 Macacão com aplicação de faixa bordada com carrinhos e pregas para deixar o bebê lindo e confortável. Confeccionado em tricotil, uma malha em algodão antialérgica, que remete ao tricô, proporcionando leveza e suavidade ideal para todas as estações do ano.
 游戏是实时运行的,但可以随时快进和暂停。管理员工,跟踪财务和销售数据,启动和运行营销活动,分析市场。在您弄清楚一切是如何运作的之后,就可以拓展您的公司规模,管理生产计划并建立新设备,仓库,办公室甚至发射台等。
---
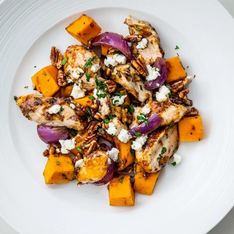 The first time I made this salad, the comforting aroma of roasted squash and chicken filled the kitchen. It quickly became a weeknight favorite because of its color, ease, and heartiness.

▶ Work request
Your answer should consist of the lines from the line with "Macacão com aplicação" to the line with "游戏是实时运行的,但可以随时" above, repeated exactly, both ends included.

▶ Solution to the exercise
 Macacão com aplicação de faixa bordada com carrinhos e pregas para deixar o bebê lindo e confortável. Confeccionado em tricotil, uma malha em algodão antialérgica, que remete ao tricô, proporcionando leveza e suavidade ideal para todas as estações do ano.
 游戏是实时运行的,但可以随时快进和暂停。管理员工,跟踪财务和销售数据,启动和运行营销活动,分析市场。在您弄清楚一切是如何运作的之后,就可以拓展您的公司规模,管理生产计划并建立新设备,仓库,办公室甚至发射台等。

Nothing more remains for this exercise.